The TOE-2 DEP Domain Promotes The Q.pp Apoptotic Fate and may Function in the Nucleus
TOE-2 localizes to the plasma membrane and centrosomes of dividing cells of the Q lineage, and to the Q, Q.a and Q.p nuclei during interphase. Because the DEP domains of other molecules function in GPCR signaling at the membrane,Citation22 we expected the TOE-2 DEP domain to be important for membrane localization, but found that TOE-2 lacking its DEP domain still localized normally. The DEP domain, however, was required to promote apoptosis in Q.pp but not the asymmetry of the Q.a division. As mentioned above, when we removed the portion of TOE-2 that contains MAP kinase docking sites, TOE-2 failed to localize to the membrane and accumulated at higher levels in the nucleus, being found in the cytoplasm only during division when the nuclear envelope was not intact. While we were unable to find a convincing nuclear localization signal sequence in TOE-2, the deleted region contained a putative nuclear export signal (E266-E279) that could mediate an interaction between TOE-2 and the exportin XPO-1. This may explain why the MAP kinase docking site deleted protein, which also lacks the putative nuclear export signal, accumulated in the nucleus. Although we did not detect the wild-type TOE-2 in the nucleus of Q.pp, we did detect, in the Q.pp nucleus, the mutant protein lacking the MAP kinase docking sites and the export signal. It is possible that Q.pp normally expresses wild-type TOE-2 at levels too low to detect. At this point, we do not know whether TOE-2 acts in Q.p or Q.pp to specify the Q.pp apoptotic fate.
We speculate that TOE-2 has a nuclear function that promotes the apoptotic fate of Q.pp, and that this function requires interaction between the DEP domain of TOE-2 and proteins in the nucleus (). Physical interaction screens identified the small GTPase RAN-1 as a TOE-2 interacting protein.Citation23,24 RAN regulates microtubule nucleation during mitotic spindle formationCitation25 and also controls nuclear import of RNA and proteins.Citation26,27 While mutations in toe-2 do not affect cell-size asymmetry between the daughters of Q.pp, we speculate that nuclear localization of TOE-2 is important for Q.pp apoptosis. One hypothesis is that RAN-1 interaction with TOE-2 mediates TOE-2 localization to the nucleus.
Although there is little evidence for DEP domain function in the context of the nucleus, one exception is the Wnt signaling protein Dishevelled.
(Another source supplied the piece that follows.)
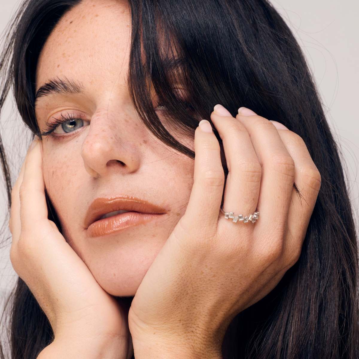Le résultat est un bijou à la fois sophistiqué et original, où l'organisation libre des diamants crée un jeu de lumière unique, offrant à la bague un caractère dynamique et contemporain.
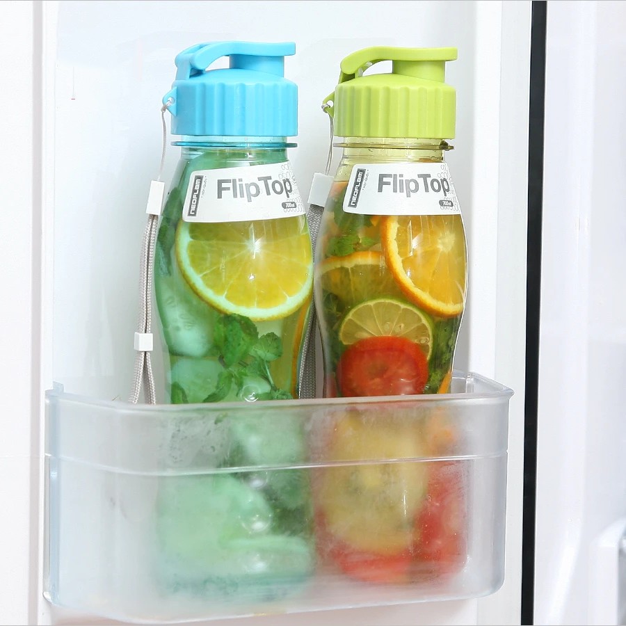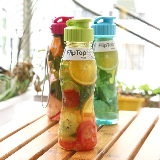 Chai Fliptop có dung tích 700ml, được làm bằng nhựa Tritan trong suốt và nhẵn bóng, an toàn cho các loại thức uống.Nắp chai bằng nhựa PP kiểu ren vặn với gioăng silicone kín nước và đầu uống dễ bật mở, eo chai thon có các chấm lõm dễ cầm nắm.

Vertebrate Dishevelleds have been observed in the nucleus.Citation28,29 Furthermore, Dishevelleds were shown to be part of a nuclear complex with TCF, and its presence in this complex was required for expression of Wnt-target genes.Citation30 It would be interesting to see whether Dishevelled has a DEP-dependent nuclear function in the cells studied by Gan et al.Citation30
The mammalian homolog with the most closely related DEP domain to TOE-2 is DEPDC1B. Until recently, little was known about the function of DEPDC1B, but it was recently implicated in canonical Wnt signaling.Citation31 When in a complex with the corepressor Groucho, the transcription factor T-Cell Factor (TCF) represses the expression of Wnt target genes; however, when β-catenin accumulates as a result of Wnt signaling, it enters the nucleus, binds TCF and activates the expression of Wnt target genes.Citation32 Reduction in DEPDC1B function led to decreased expression of TCF induced transcripts, and increased DEPDC1B levels increased expression of those transcripts.Citation31
These connections between DEP domain containing proteins and Wnt signaling are particularly interesting because the altered fates of the Q.p and Q.pp cells of toe-2 mutants reflect posterior to anterior cell transformations, a hallmark of mutants defective in Wnt signaling.Citation33 In toe-2 mutants, Q.p can acquire a Q.a fate, and Q.pp can acquire a Q.pa fate. When the surviving Q.pp cell does not acquire the Q.pa fate, it sometimes expresses markers of one of its nieces, the daughters of Q.pa. It expresses the anterior daughter A/PVM touch receptor neuron marker more often than the posterior daughter SDQ interneuron marker. This prevalence of the A/PVM marker expression is the opposite of the expression of these markers in the surviving Q.pp of ced-3 mutants: the SDQ marker is expressed more frequently than the A/PVM marker. Taken together, these findings suggest that in the Q and Q.p divisions, TOE-2 promotes the posterior fates of the daughter cells produced by these divisions. The data also argue that TOE-2 and CED-3 promote the Q.pp apoptotic fate in different ways.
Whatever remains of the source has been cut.